生前に財産を評価したうえで分割を決めておくべき

 一方、遺産分割がまとまらない場合、相続税申告が不利になります。相続税の申告期限(相続開始後10ヶ月以内)までに遺産分割がまとまらないと、「配偶者の税額軽減(配偶者が取得する相続財産が法定相続分相当額または1億6,000万円まで課税されないとする制度)」や「小規模宅地等の特例(被相続人の生活基盤になっていた居住用・事業用の宅地は、評価額が減額される制度)」などを適用することができなくなります。
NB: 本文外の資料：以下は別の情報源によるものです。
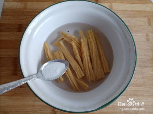 再给水里加入盐,这样腐竹会很容易泡发,而且软硬均匀。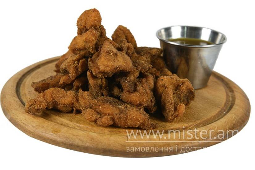 Куряче філе в паніровці, медово-гірчичний соус.
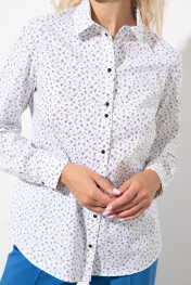 Хлопковая блузка-рубашка сможет дополнить повседневный гардероб в любое время года: осенью, зимой, весной и летом. Легкая блузка с длинными рукавами имеет стояче-отложной воротник, как у рубашки. Модель застегивается спереди на кнопки. На рукавах есть манжеты шириной 6 см , которые застегиваются на 2 кнопки. Благодаря нагрудным и талиевым выточкам модель красиво садится по фигуре.Блузка приятная к телу и на ощупь, хорошо носится, не выгорает на солнце, хорошо сохраняет цвета, легко стирается, быстро сохнет, не требует специального ухода. Рубашка впишется в деловой и молодежный лук любой девушки, подойдет для корпоратива, на работу, для прогулок для торжества. Для высоких и невысоких девушек различного телосложения.
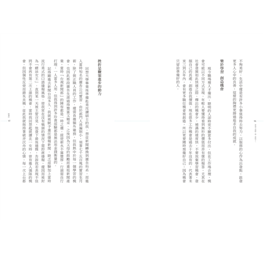 我希望這本書能幫助我們,以全新的思維去檢視我們工作的態度─不再只是為了應付家計而默然承受;不再只是等待工作五天後的週末玩樂;不再只是交差了事,而是重新發掘心中的夢想,再次點燃心中的熱忱,才能讓我們把一份份的工作轉變成終身的事業,邁向人生的下一個高峰。

 そのため、遺産分割に合意できた場合と比べて税負担が一時的に大きくなります。

 「配偶者の税額軽減」を適用できる場合には、配偶者の法定相続分または遺産総額の2分の1まで相続税は課税されません。よって、相続人全員の相続財産がどんなに多くても、配偶者のいる相続では、納税額は大幅に軽減されるのです。

小規模宅地等の特例」についても同様で、遺産分割に際して、相続人が居住用の土地(330㎡まで)を相続することを確定させなければなりません。居住用宅地には80%評価減が使えるため、仮に、1億円の土地(330㎡未満)の場合、課税価格に算入すべき金額は2,000万円となります。未確定のままの場合は、1億円が相続財産に算入されるため、小規模宅地等の特例が適用された場合に比べて評価額が8,000万円大きくなり、税負担が大きくなります。
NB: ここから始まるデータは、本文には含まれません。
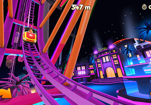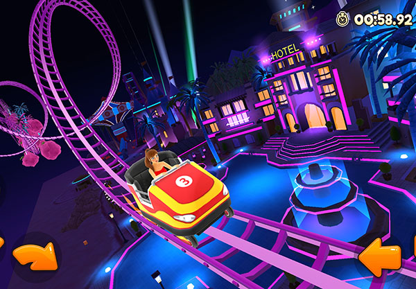 3、过山车的轨道是弯弯曲曲的,玩家们需要在游戏里来及时的转变方向,按照轨道来行驶;

 遺産が未分割であれば、これらの特例を適用しないものとして計算された相続税を納付しなくてはなりません。「配偶者の税額軽減」と「小規模宅地等の特例」を必ず適用できるように、遺産分割を確実にまとめることが不可欠です。

 このような相続後のトラブルを避けるためにも、早い段階で税理士等の専門家のアドバイスを受け、生前に財産を評価したうえで、バランスのよい分割を決めておくべきです。
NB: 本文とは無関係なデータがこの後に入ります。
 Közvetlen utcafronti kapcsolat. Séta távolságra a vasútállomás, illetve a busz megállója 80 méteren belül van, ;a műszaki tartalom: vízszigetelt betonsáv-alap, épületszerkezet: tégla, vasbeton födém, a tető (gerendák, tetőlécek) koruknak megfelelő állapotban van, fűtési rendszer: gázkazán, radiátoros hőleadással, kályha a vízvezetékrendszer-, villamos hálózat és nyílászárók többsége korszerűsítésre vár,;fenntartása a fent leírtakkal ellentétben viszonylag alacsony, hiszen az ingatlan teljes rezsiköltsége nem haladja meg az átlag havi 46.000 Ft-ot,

 なお、多くの被相続人が、債務など誰も欲しがらないはずだと考えているのか、遺産の分割案を作成する際に、債務者を誰にするかが明示されていないケースがあります。しかし、銀行借入金などの債務は特定の相続人だけのものとはならず、法定相続人全員の共有とされるものです。それゆえ、分割案を作成する際には、債務の負担者も明記することを忘れてはいけません。